• _Assignment_:
Each line from the one holding "Product Description Our" through the end of the records should be returned exactly, while pictures are skipped.

== Segment start ==

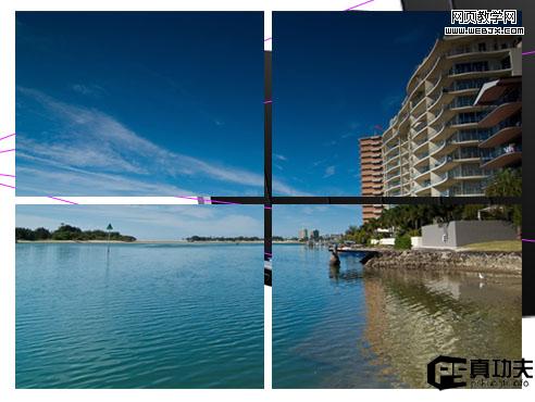 這步的關鍵是做出選取,然后刪掉選取里的內容就ok,其實很簡單,只是個人很少用到,而且不好表達(主要是我文底太差,勿怪勿怪,哈哈)。好了,我們繼續。復制圖層”photo 1”, 使用選取工具(m)–選擇單列選取工具,在圖的中間位置(中間在哪里?網格線不是告訴你了),垂直方向做個1px選區,按del刪了,同理使用單行選取工具在圖中間的水平方向做個選區,del之。接著你就看到如下的效果了(注:如果嫌做的選區太小,可以在你做好選區的時候進入選擇—修改—擴展—輸入你想要的數值來改變選區大小
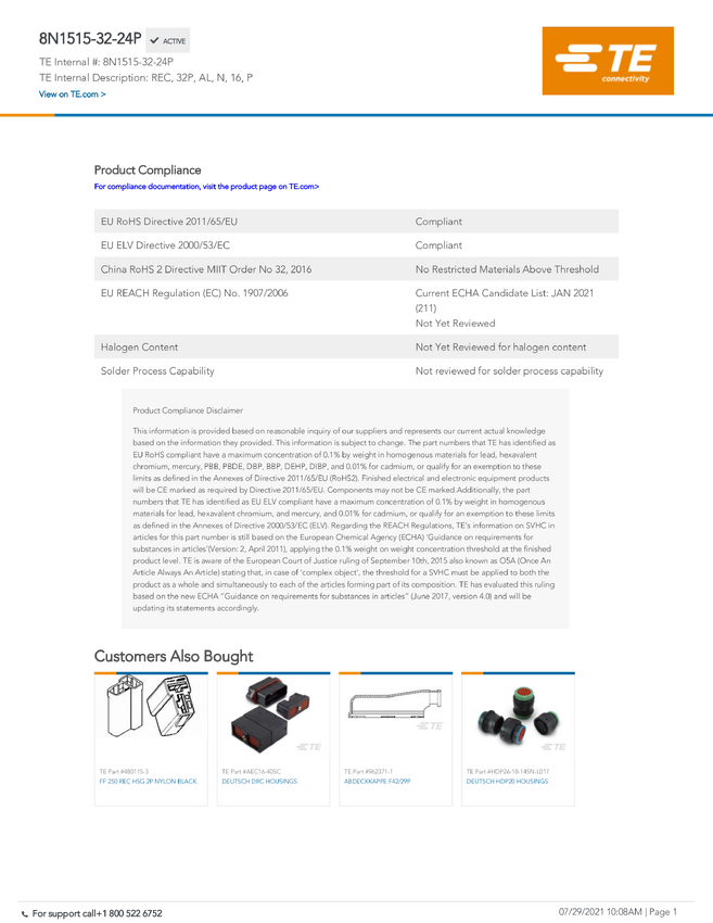 TE Connectivity 8N1515-32-24P TE ICT CE Connector, 1 szt.
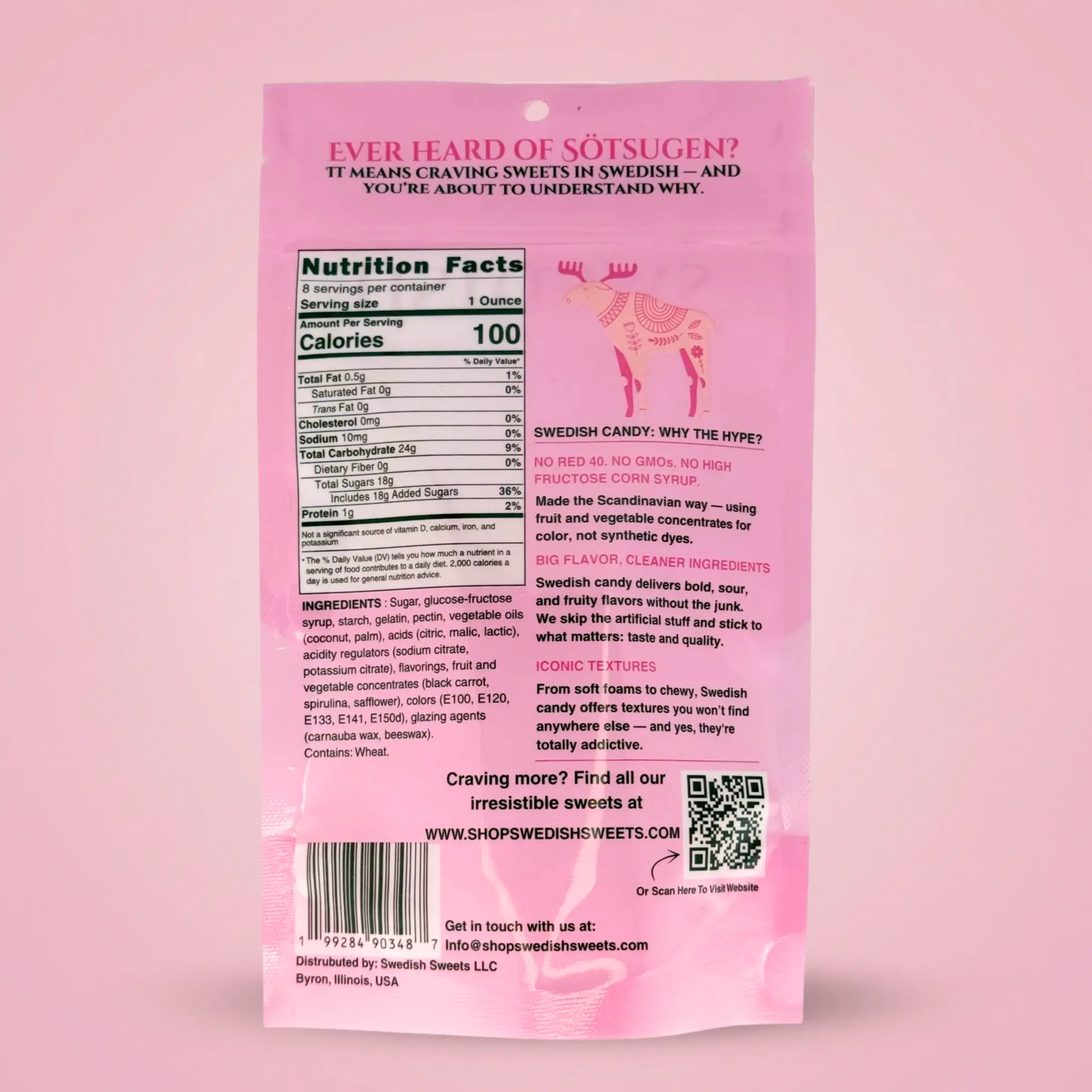 Each bag is packed with ½ lb (227 g) of sweet & sour goodness — beautifully presented in our signature pink Swedish Sweets bag.
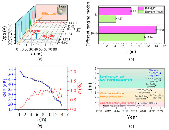 (a) Signal waveform of the R-PMUT pulse-echo signal; (b) farthest sensing distances l of the R-PMUT and element PMUT with a resonant frequency of 69 kHz (B: back cavity, H: horn); (c) signal-to-noise ratio (SNR) vs. distance: at the threshold of 19.5 dB, the maximum range of the PMUT array is 14 m (temperature: 15 °C, relative humidity: 37%); (d) comparison of the maximum sensing distances (Data are from Ref. 1 ([14]), Ref. 2 ([28]), Ref. 3 ([15]), Ref. 4 ([17]), Ref. 5 ([25]), Ref. 6 ([22]), Ref. 7 ([16]), Ref. 8 ([24])).
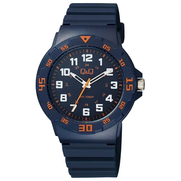 Men's watch with a 43mm diameter and 10.5mm thickness case, blue resin case and strap, blue dial, acrylic glass, water resistance up to 10 bar, weight 37g, Cal.2035 quartz movement.
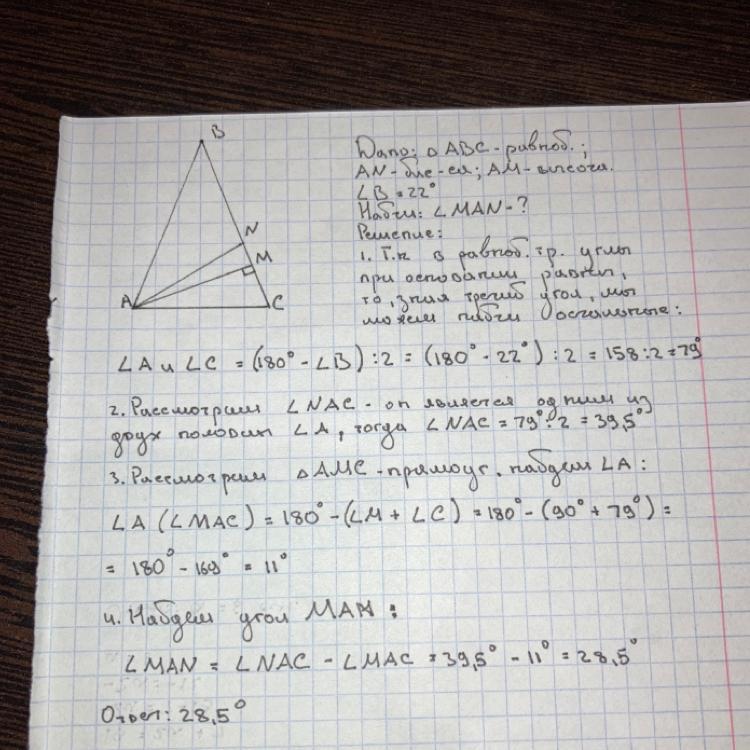 ∠MAN =28,5°
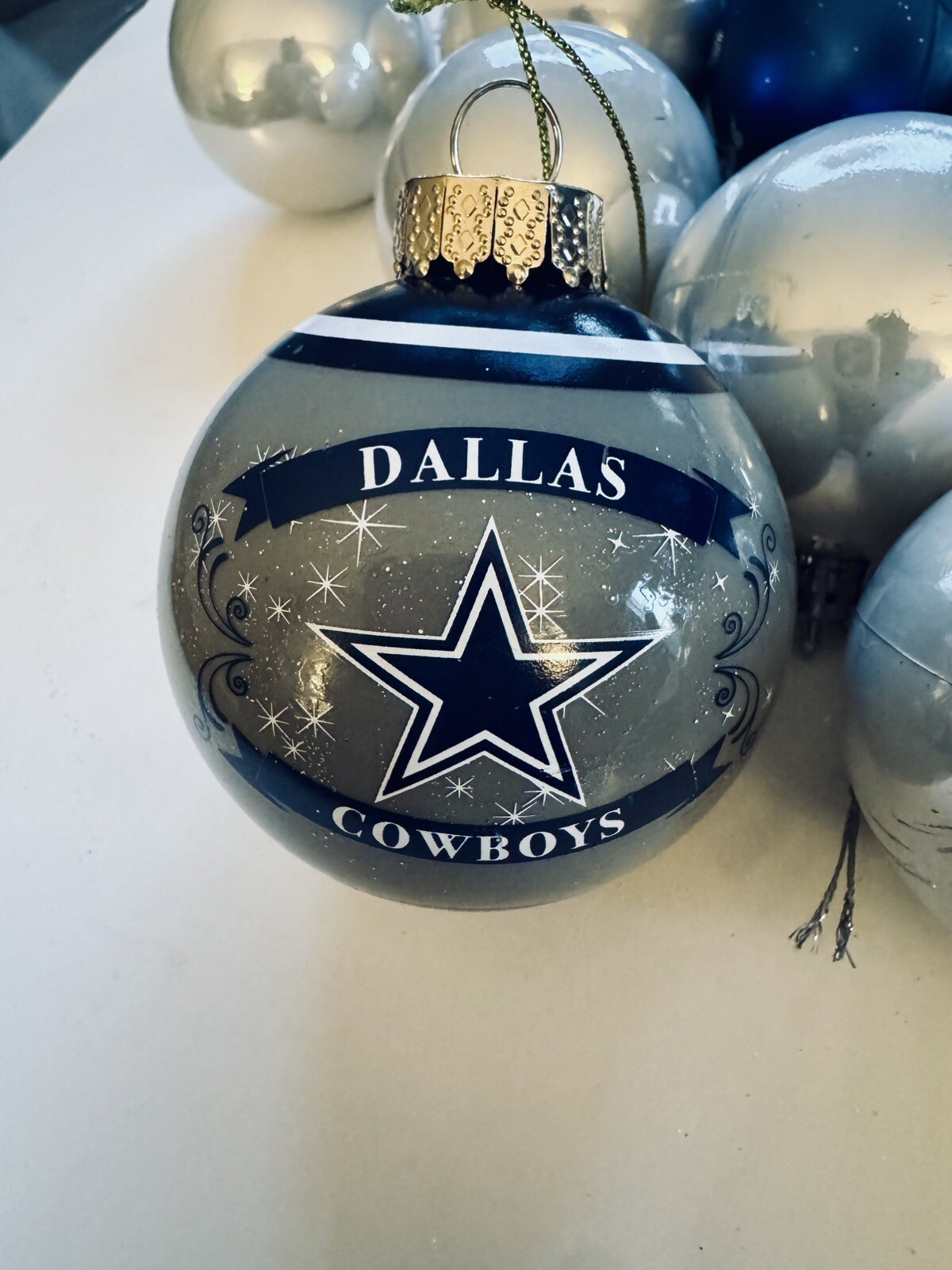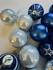 Get into the holiday spirit with this Dallas Cowboys Christmas tree ornament set! The set includes a beautiful ornament featuring the team's colors and logo, perfect for any fan's tree. Additionally, the set comes with a Christmas tree skirt to add a festive touch to your decorations. This set includes: - 12 gray & navy blue Dallas cowboys small ornaments - 1 large Dallas cowboy ornament - 28 assortments of regular (NOT Dallas cowboys) medium ornaments - 1 dark brown, Horseshoe and Star Christmas Ornament - 1 Christmas Tree Skirt Blue Snowflakes Christmas Tree Skirt for Xmas Holiday Party Home Decoration 36 Inch Celebrate the season with this unisex set, perfect for any football fan. The multi-team colors and league-specific design make this a great addition to any collection. Add some team spirit to your holiday decorations with this Dallas Cowboys ornament set! Returns: item has to be returned in same condition for full refund.
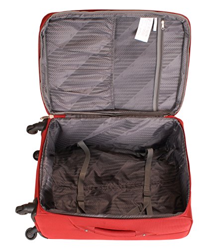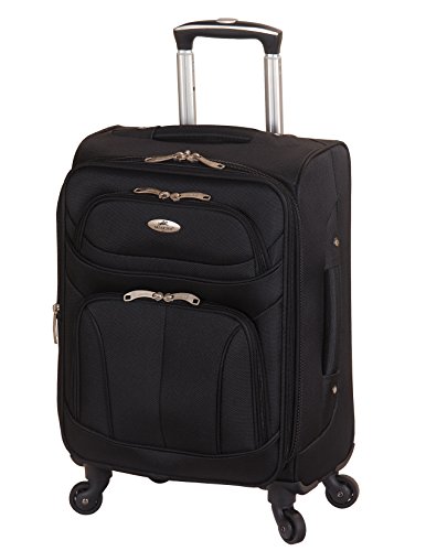 Product Description Our FeatherLite collection of premium expandable spinner luggage is designed for lightweight performance and durability. The 360° pivoting spinner wheels enable effortless movement in all directions while the interior tie-down straps and zippered lid pockets keep your packed items secure. Convenient zippered pockets on the front provide quick and easy access to airline tickets, documents, or a light jacket. 0
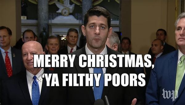 Last night the Senate passed the Trump/Ryan tax cuts (for the super rich), but House Republicans will have to vote for their super rich tax cut bill (again) as their rush to start jerking each other off violated the Byrd Rule
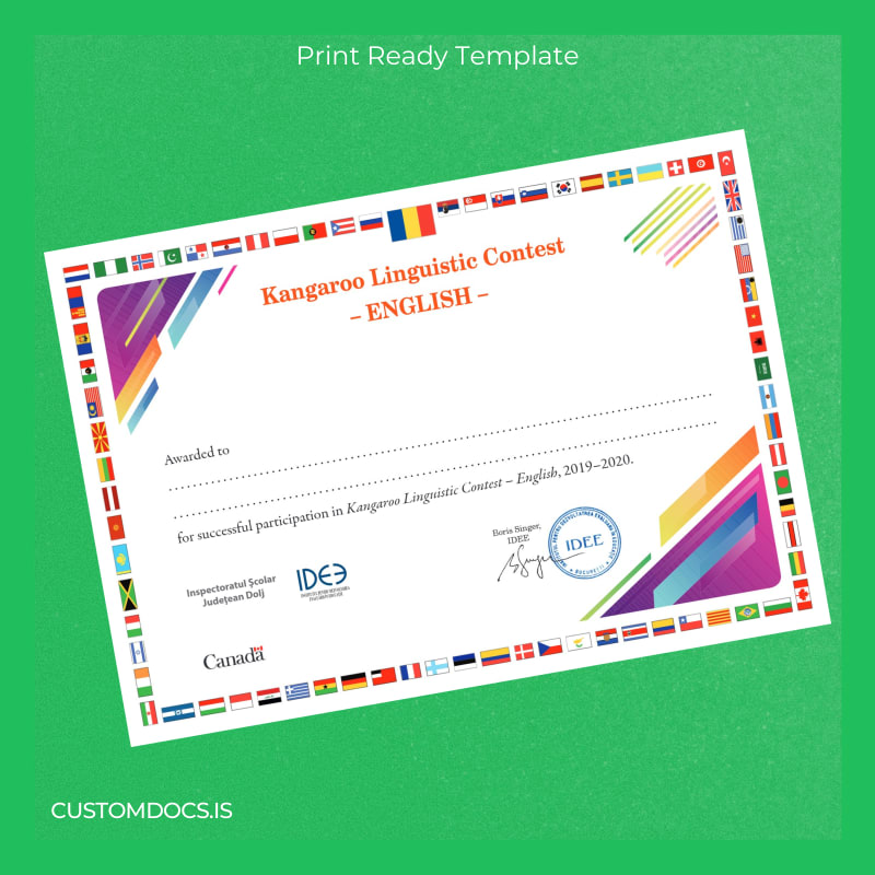 Download Canada Institute for Educational Development Kangaroo Linguistic Contest Award Certificate Template – Word & PDF – Instant Digital File
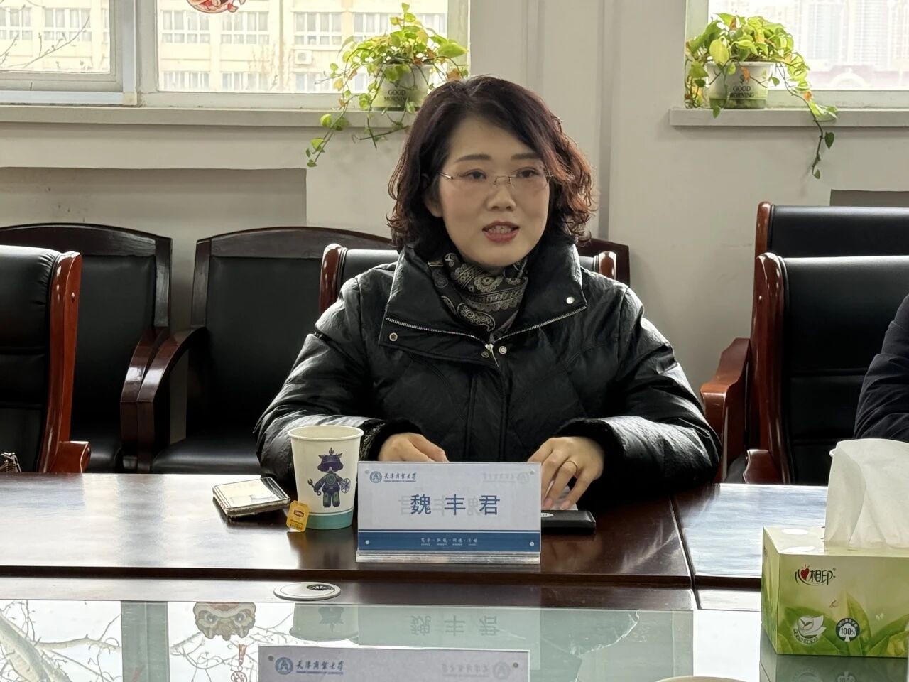 魏丰君围绕山东华宇工学院的学生总体情况、学科平台建设、申硕工作推进等情况做了详细介绍。她表示,希望以此次交流座谈为契机,加强与学院在科研项目攻坚、高层次人才引进、师资队伍建设等方面的合作。
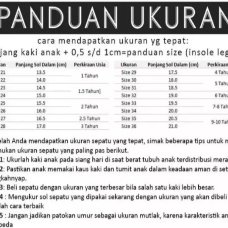 Produk ini memiliki 10 Variasi Ukuran yaitu : 24,21,23,28,30,29,25,27,22,26,

== Segment end ==

• _Response to the exercise_:
 Product Description Our FeatherLite collection of premium expandable spinner luggage is designed for lightweight performance and durability. The 360° pivoting spinner wheels enable effortless movement in all directions while the interior tie-down straps and zippered lid pockets keep your packed items secure. Convenient zippered pockets on the front provide quick and easy access to airline tickets, documents, or a light jacket. 0
 Last night the Senate passed the Trump/Ryan tax cuts (for the super rich), but House Republicans will have to vote for their super rich tax cut bill (again) as their rush to start jerking each other off violated the Byrd Rule
 Download Canada Institute for Educational Development Kangaroo Linguistic Contest Award Certificate Template – Word & PDF – Instant Digital File
 魏丰君围绕山东华宇工学院的学生总体情况、学科平台建设、申硕工作推进等情况做了详细介绍。她表示,希望以此次交流座谈为契机,加强与学院在科研项目攻坚、高层次人才引进、师资队伍建设等方面的合作。
 Produk ini memiliki 10 Variasi Ukuran yaitu : 24,21,23,28,30,29,25,27,22,26,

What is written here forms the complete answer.